Keywords: cohort; EUDA5; life table; weed; thermal time; Euphorbiaceae


O eufórbio lactífero (em inglês, “David’s Spurge”) é uma planta daninha anual de primavera-verão presente na região central da província de Buenos Aires, Argentina. Estudos de campo foram realizados durante os anos de 2011/12 e 2013/14 para avaliar a demografia e a dinâmica de população, bem como para estabelecer uma escala de tempo térmico para essa espécie. No local do experimento, quatro parcelas de 1 m² foram marcadas para cada coorte de indivíduos. O número de indivíduos de cada coorte, em cada estado fenológico, foi registrado semanalmente. Ao final do experimento, todas as parcelas foram colhidas, e a produção de sementes foi determinada. Uma escala de acumulação de tempo térmico foi estabelecida para identificar a ocorrência de diferentes eventos fenológicos. Foram detectadas três coortes: a primeira surgiu em meados de outubro; a segunda, no início de novembro; e a última, entre o final de novembro e o início de janeiro, totalizando uma média de 1.500 plantas m-2. Mais de 80% das emergências registradas pertenciam à primeira e segunda coortes nos dois períodos de estudo. Os requisitos de tempo térmico calculados para atingir os estádios de 2-4 folhas, 6-8 folhas, ramificação e floração foram de 192, 370, 515 e 1.155 oCd, respectivamente. O rendimento médio na primeira, segunda e terceira coortes foi de 5.700, 6.400 e 1.900 sementes m-2, respectivamente, determinando um número total de mudas de aproximadamente 14.000 sementes m-2, com a soma das três coortes. Os resultados deste estudo permitirão uma melhor compreensão da ecofisiologia de Euphorbia davidii na área de estudo e representarão uma valiosa contribuição para a gestão integrada desta espécie.

Palavras-chave: coorte; EUDA5; tabela de vida; planta daninha; tempo térmico; Euphorbiaceae


Euphorbia davidii Subils is a weed belonging to the botanical family Euphorbiaceae Juss., represented worldwide by more than 8,000 species (Govaerts et al., 2000). While in Argentina the presence of approximately 70 species of the genus Euphorbia L. is mentioned, only four of them are described as weeds: Euphorbia serpens Kunth, usually known as “matted sandmat” (or “hierba meona” in Spanish), Euphorbia heterophylla L., Euphorbia dentata Michaux and Euphorbia davidii Subils, which are commonly referred to as “Spurges” (“lecherón” in Spanish), due to the milky latex sap they contain.

Euphorbia davidii is a species native to the Northern Hemisphere (Mexico, United States and Canada), which has been recently introduced in South America (Argentina), Australia and Europe (Vladimirov and Petrova, 2009). It is a summer annual weed that causes significant yield reductions on soybean crops in Central and Southeastern sections of Buenos Aires Province (Juan et al., 2011). In this region, an increasing incidence, density and geographical distribution of E. davidii has been observed in the last two decades.

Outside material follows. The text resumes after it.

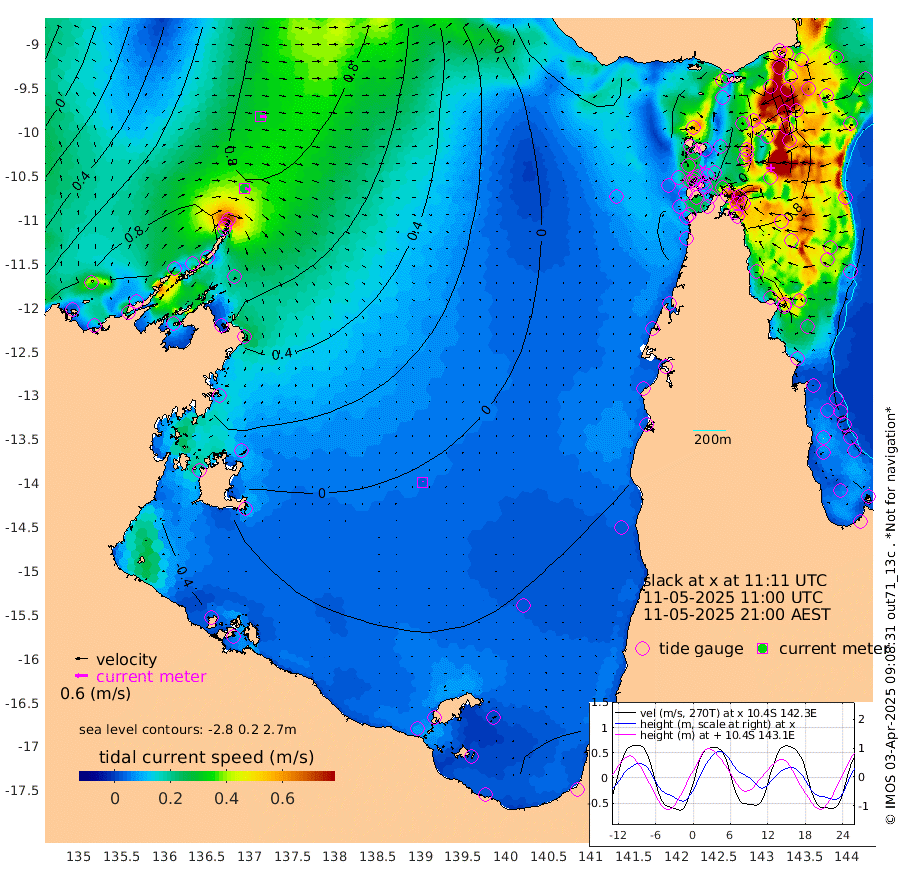 30cm/s 107T +3cm/s rms + 7cm/s -42T. ARA-GOC87 57m 3cm/s 21T +3cm/s rms + 2cm/s -2T. ARA-GOC87 60m 29cm/s 97T +2cm/s rms + 3cm/s 61T. ARA-GOC87 47m 89cm Daru 99cm Bobo Island 77cm Meer Island Barge 100cm Bramble Cay 100cm Unnamed Cay 100cm Pearce Cay 97cm Stephens Island 109cm Merrie England Shoals 95cm Mutacomal Reef 89cm Darnley Island Barge 90cm East Cay 84cm Yorke Island Barge 91cm Rennel Island 84cm Aureed Island 70cm Dungeness Reef 39cm Zagai Island 31cm Yam Island -15cm Dauan Island -9cm Saibai Island 14cm Phipi Reef 31cm Warrior Reef - West -2cm Mabuiag Island Barge 81cm Half Way Island 87cm Coconut Island 72cm Dugong Islet 55cm Poll Island 59cm Kirkcaldie Reef 35cm Suarji Island 49cm Sue Islet 12cm Hawkesbury Island 40cm Alert Patches 39cm Twin Island 14cm Badu Island 23cm St Pauls (Moa Island) 10cm Kubin (Moa Island) 19cm Ince Point 12cm Thursday Island 13cm Nardana Patches 13cm Turtle Head 20cm Round Island 9cm Goods Island -4cm Booby Island 4cm White Rocks Area -19cm Carpentaria 30cm Papou Point 27cm Bampfield Head 1cm Crab Island -7cm Red Wallis Island 9cm Packe Island 88cm Harrington Reef -4cm Herald Camp -2cm Sharp Point 22cm Red Island Point 35cm Possession Island 39cm Alpha Rock 62cm Frederick Point 96cm Wyborn Reef Light 88cm Tetley Island 69cm Triangle Reef 103cm Turtle Head Island 70cm Maclennan Cay 71cm Raine Island 92cm Mcsweeny Reef 93cm Collette Reef 77cm Shadwell Reef 104cm Hannibal Island 107cm Round Point -8cm Vrilya Point 90cm Cape Grenville 86cm Hicks Island 77cm Sir Charles Hardy Island 26cm Harvey Island 92cm Kay Reef 76cm Rocky Island 77cm Chapman Island 70cm Ham Reef 73cm Jubilee Reef 67cm Night Island 74cm Unnamed Reef No. 3 81cm Morris Island 69cm 1st 3 Mile Opening 73cm Creech Reef 79cm Fife Island 90cm Eden Reef 80cm Stanley Island 89cm Normanby River 97cm Yabooma Island 135cm Hutchison River 106cm Elcho Island 94cm North West Crocodile Island 85cm Cape Wessel 112cm Stevens Island 100cm Guluwuru Island 101cm Hopeful Bay 94cm Auster Point 81cm Two Island Bay 121cm Cadell Strait 146cm Mallison Island 89cm Melville Bay (Gove Harbour) 95cm Truant Island 60cm Cape Arnhem 37cm Cape Grey 26cm Hawk Island -14cm Milner Bay (Groote Eylandt) -22cm Cape Beatrice -65cm West Island -60cm Centre Island -44cm Mornington Island -53cm West Wellesley Islands -57cm Bountiful Island -62cm Albert River Mouth -54cm Sweers Island -55cm Karumba -39cm Nassau River Offshore -23cm Christmas Creek 0cm Archer River -6cm Boyd Point -7cm Weipa (Humbug Point) 5cm Pennefather River -17cm Cullen Point

The presence of this weed is currently reported in Europe and Asia, distributed in Russia, Ukraine, Moldova, Romania, Bulgaria, Hungary, Italy, Belgium, Switzerland, Serbia and France (Barina et al., 2013; Purger et al., 2015). Similar to data recorded in Argentina, an increase in population size and geographic distribution has been observed in several of these countries (Purger et al., 2015).

The survival of a population is one of the most important factors to consider in a demographic study. In order to determine this parameter, it is necessary to carry out both laboratory and field studies (Win et al., 2009).

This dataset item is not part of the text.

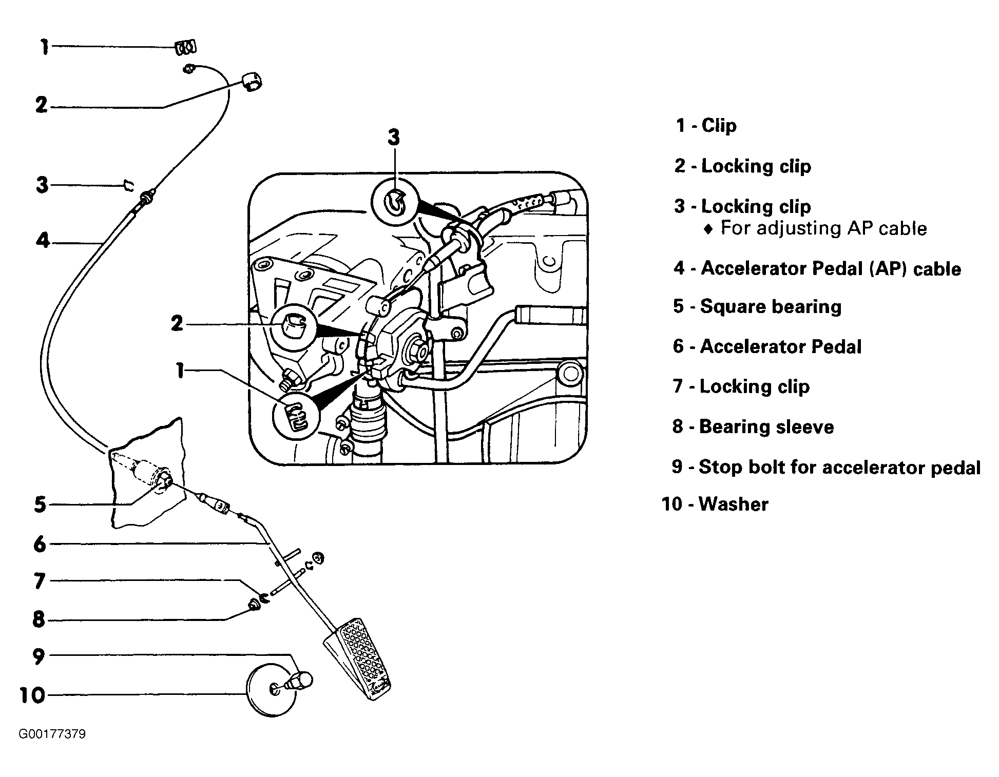 The throttle cable may also be referred to as Accelerator Pedal (AP) linkage.

Survival can be expressed in the form of curves and, according to their general form, these can be classified into three main types. Type I (convex curves) describe situations in which mortality is concentrated at the extreme end of the life span (e.g., animals in a zoo or the leaves of a plant). Type II curves (straight lines) indicate that the probability of death remains constant at each age, and can be correctly applied to the seed banks of many plant populations. Finally, type III (concave curves) indicate significant early mortality rates, followed by a high survival rate at later stages (Pearl, 1928; Deevey, 1947).

Subsequently, survival data are incorporated as part of the demographic processes in consonance with the structure of a life table or a dynamic multi-state model (González-Andújar and Fernández-Quintanilla, 1991). This diagrammatic model represents in a synoptic and synthetic way the variables and demographic processes in quantitative (numerical) terms (Deevey, 1947; Fazle Rabbi, 2013).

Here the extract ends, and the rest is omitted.